The present invention, in some embodiments thereof, relates to content delivery, and, more specifically, but not exclusively, to content delivery through a distributed content delivery system in which a plurality of content objects are managed and delivery by local management and delivery servers assigned to each segment of the content delivery system.
A content delivery network or content distribution network (CDN) is a large distributed system of servers deployed in multiple data centers across the Internet, i.e. the World Wide Web (WWW) for serving content to end-users with high availability and high performance. CDNs serve a large fraction of the Internet content today, including web objects (text, graphics and scripts), downloadable objects (media files, software, documents, etc.), applications (e-commerce, portals), live streaming media, on-demand streaming media, social networks and/or the like.
Content providers such as media companies and e-commerce vendors pay CDN operators to deliver their content to their audience of end-users. In turn, a CDN pays internet service providers (ISPs), carriers, and network operators for hosting the delivery servers in their data centers.
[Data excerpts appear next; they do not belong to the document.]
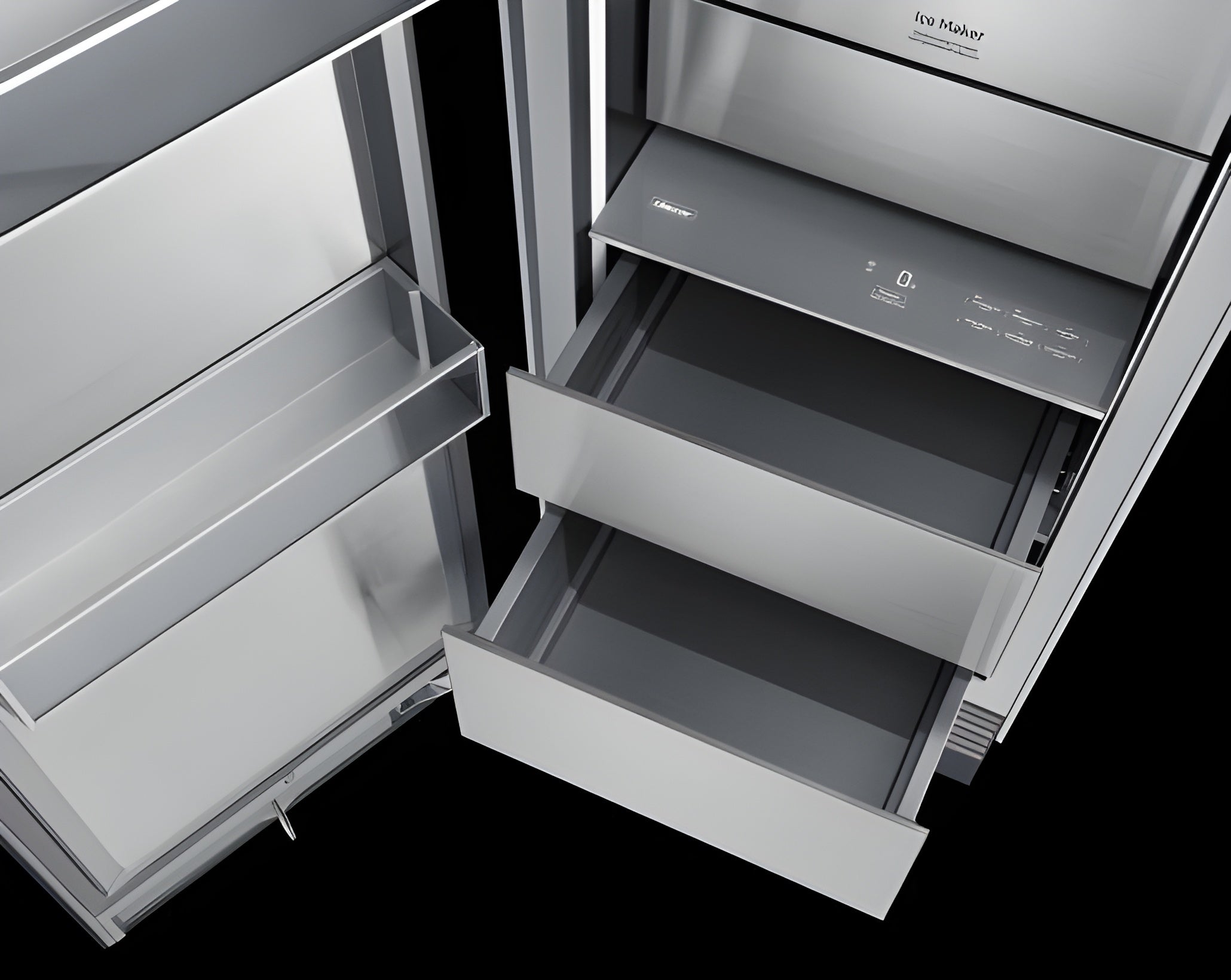 Interior Configuration | Full Width Shelves: 3 ea Shelf Material: Tempered Glass, Metal Trim, Spill-Proof Full Extension Drawers at 90° Door Opening Angle: Yes Hidden Box with Flip-up Cover: Yes Freezer Drawer: 2 ea Door Bins: 4 ea |
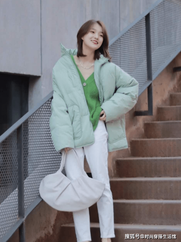 这种面包羽绒服本身就是比较容易穿出臃肿和胖的款式,但是只要你懂得花一些小心思,就可以减少这种臃肿感。例如敞开来穿,内搭进行叠穿,打底+衬衫,这样的组合可是很常见耐看的。
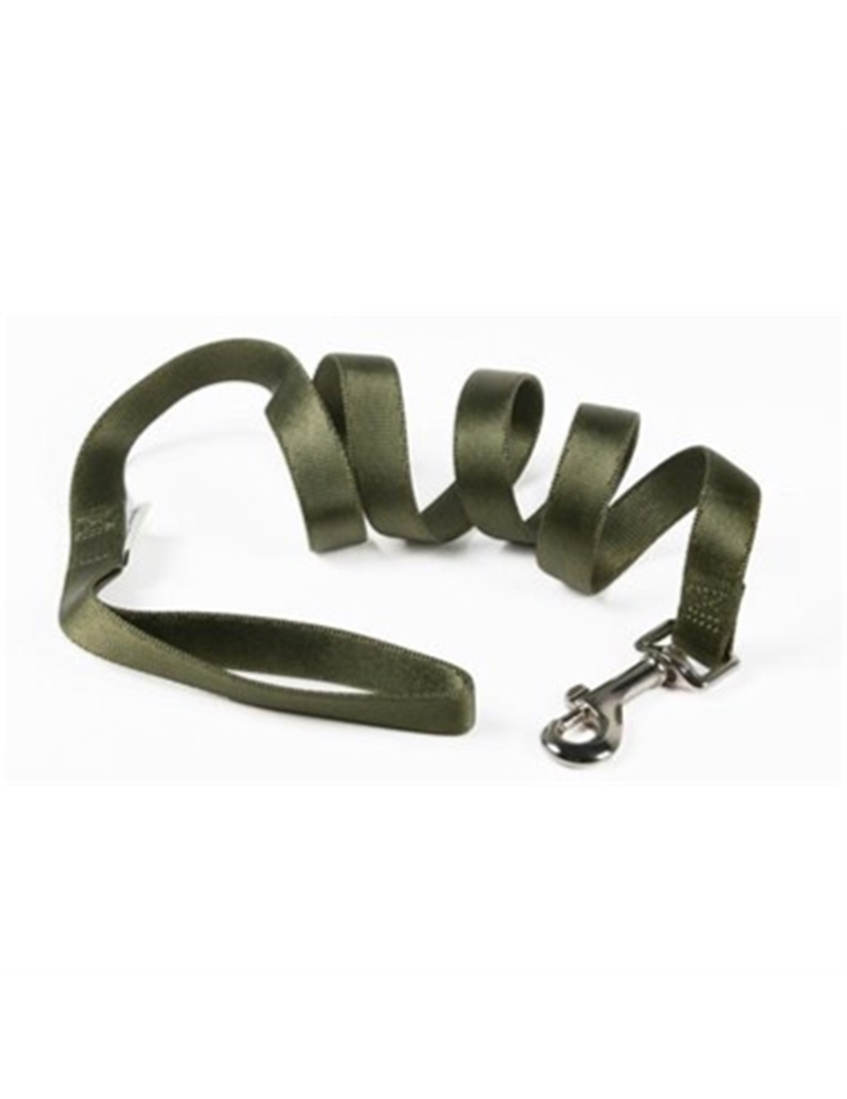Questo guinzaglio per cani è stato realizzato in robusto nylon di colore verde scuro, con apposito moschettone a sgancio rapido perfetto per agevolare l'apertura e la chiusura del guinzaglio sul collare.

CDN nodes (servers) which may reach extremely high numbers are typically deployed in multiple locations, often over multiple backbones in order to reduce bandwidth costs, improve page load times, increase global availability of the content and/or the like. In some of the CDNs, the CDN nodes may be distributed over large numbers of geographical points of presence (PoPs) while other CDNs may employ a more centralized deployment in which the CDN nodes are concentrated in a small number of PoPs.